The process began in 1997 in Lima, Peru during a first international meeting which joined together, not the 50 delegates expected, but more than 200 people from 21 countries and all continents. The meeting examined the transformation potential of socio-economic innovations emanating from the poorest communities. The meeting led to the expression of a common vision affirming that solidarity economy is characterized by the fact that it is of service to the people and not the reverse. The process continued in Quebec in 2001. The movement of social economy was then in rapid evolution. The 2nd International Meeting had the same success. It broadened the approach of the social solidarity economy (SSE) by the analysis of the context and the recognition of the diversity of the situations in which it applies with plural terminologies to indicate this current of thought and action. Insistence is carried at the same time on resistance to the neo-liberal model and the continuation of inventiveness to make concrete its potential as an alternative.

An International Liaison Commission (ILC) was organized in Quebec, with continental delegations to circulate information, to strengthen links between the national networks in preparation for the 3rd International Meeting in Dakar, Senegal in 2005.

This Meeting was organized by RIPESS (Intercontinental Network for the Promotion of Social Solidarity Economy). It has a decisional board of directors which assumed the preparation. The ILC played its role of propositional consultative body, without means to meet between the two events.

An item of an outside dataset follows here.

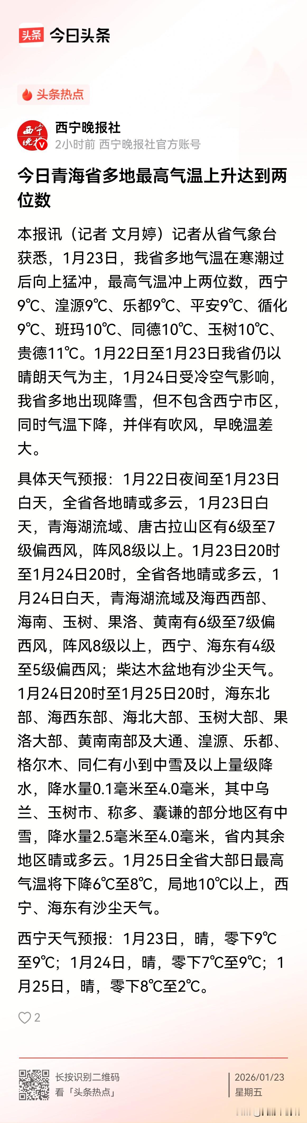 哎呦喂,西宁今天的气温直接飙升到9°C了,这哪里是冬天的样子,根本就是春天到了! 家人们,青海这天气简直太反常了!哪还有一点冬天的影子?今天看新闻,西宁的温度居然飙升到了9°C !青海省好多地方的最高气温上升幅度都达到了两位数。 寒潮刚过,今天多地气温就猛冲。西宁、湟源、乐都等地都到了9℃,班玛、同德、玉树10℃,贵德更是有11℃ 。这哪像是冬天该有的温度?羽绒服都穿不住了。 不过,好天气也没几天。天气预报说,从24号起,冷空气又要来,好多地方要下雪,虽然西宁市区没份,但气温会降,还吹风,早晚温差大得很。后面几天还有沙尘天气,大家出行可得注意安全,及时增减衣物!

The Dakar Meeting focused on plenary sessions and many workshops based around 5 sets of themes: solidarity finances, popular alternatives to the private and state models of development, local development, fair and ethical trade, promotion of SSE. Caucus themes: agriculture, famine in Sahel, women, small business and co-operative dynamics, youth, social solidarity tourism, international debate, faire trade, re-utilization of waste. A significant place was granted to the approaches by continents with various times of meeting leading to proposals at the time of the final plenary sessions. Parallel events were held: field visits, government panels, intercontinental village on equitable trade (the African exhibitors came by caravan or bus convoy from distances over several thousands km), a popular walk for SSE, a podium of artists and other activities still, etc.

The feedback meeting of the ILC of November 27, 2005 "agrees to speak about a success which goes far beyond hopes: in number, quality, and adequacy of the place. The basic mobilization of the caravan constituted a highlight concerning simple inhabitants who understand far better the stakes and will be diffusers on their return ". Improvements are considered to be possible in the format of organization: less plenary sessions, a better management of time so that the various meetings allow the production of conclusions faithful to the contexts and the contents for the final syntheses during plenary sessions. Preparatory continental meetings like those of Cochabamba in Bolivia and Bamako in Mali could be generalized in the future to obtain better consensus at the time of the meetings themselves. A better communication by RIPESS could make it possible to open its establishment especially in Asia, whose presence remained numerically weak.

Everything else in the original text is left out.